▶ Exercise directions
Dropping every picture, set down exactly the lines in the entries below, starting with the line with "- Widely Used" and going on through the line with "Томатный суп с морепродуктами".

=== Supplied records ===

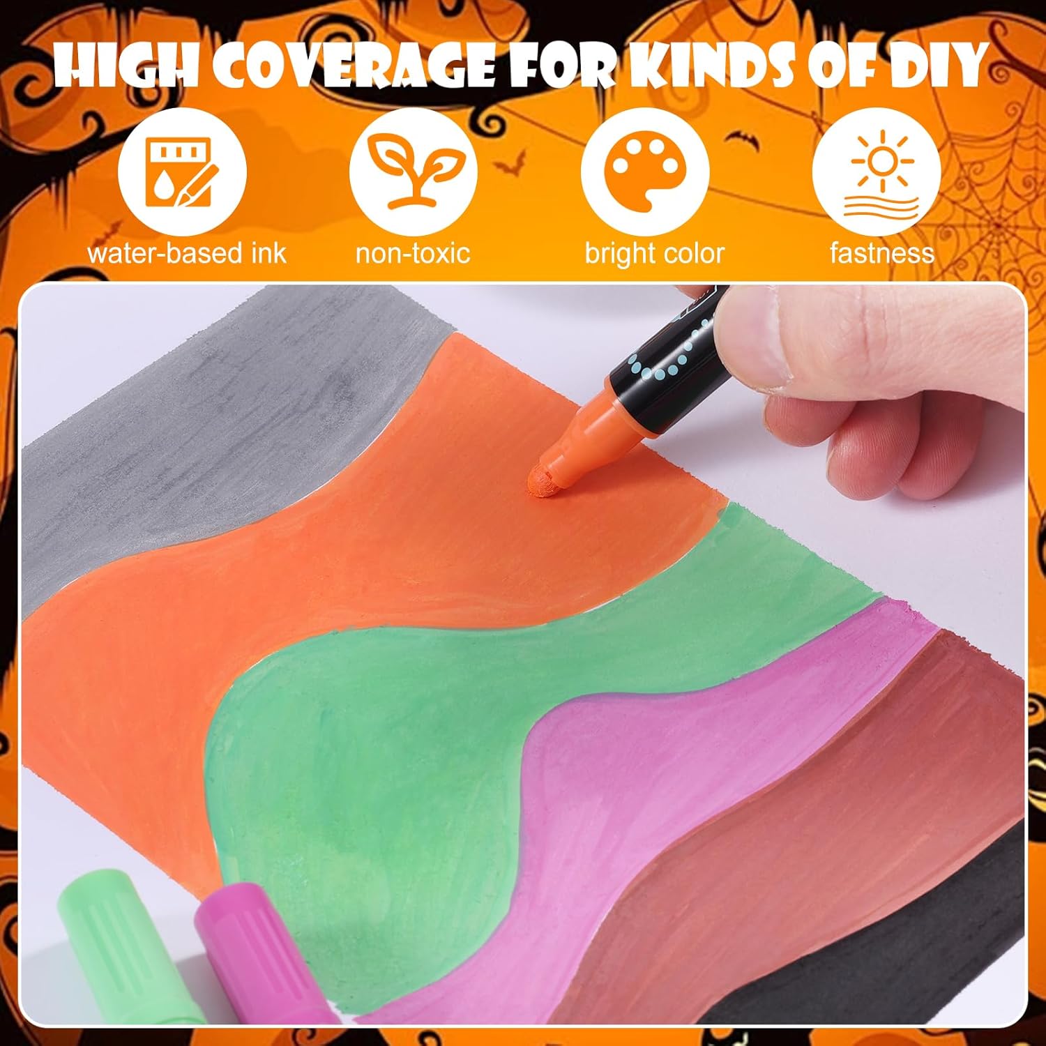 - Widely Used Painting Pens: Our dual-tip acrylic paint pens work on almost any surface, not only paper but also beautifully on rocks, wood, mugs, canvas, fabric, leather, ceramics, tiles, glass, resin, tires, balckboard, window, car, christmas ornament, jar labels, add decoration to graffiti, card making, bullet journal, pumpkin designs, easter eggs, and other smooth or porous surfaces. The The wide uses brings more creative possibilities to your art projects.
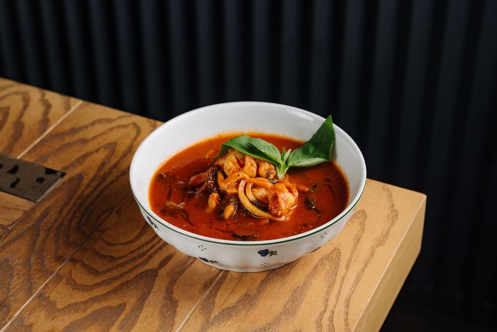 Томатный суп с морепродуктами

===
=== Supplied records ===

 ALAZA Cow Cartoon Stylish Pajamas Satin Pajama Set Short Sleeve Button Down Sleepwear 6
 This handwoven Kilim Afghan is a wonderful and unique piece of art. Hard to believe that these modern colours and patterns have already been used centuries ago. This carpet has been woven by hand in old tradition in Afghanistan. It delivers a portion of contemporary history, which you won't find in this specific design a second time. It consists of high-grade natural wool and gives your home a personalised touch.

===

▶ Solution for this problem
 - Widely Used Painting Pens: Our dual-tip acrylic paint pens work on almost any surface, not only paper but also beautifully on rocks, wood, mugs, canvas, fabric, leather, ceramics, tiles, glass, resin, tires, balckboard, window, car, christmas ornament, jar labels, add decoration to graffiti, card making, bullet journal, pumpkin designs, easter eggs, and other smooth or porous surfaces. The The wide uses brings more creative possibilities to your art projects.
 Томатный суп с морепродуктами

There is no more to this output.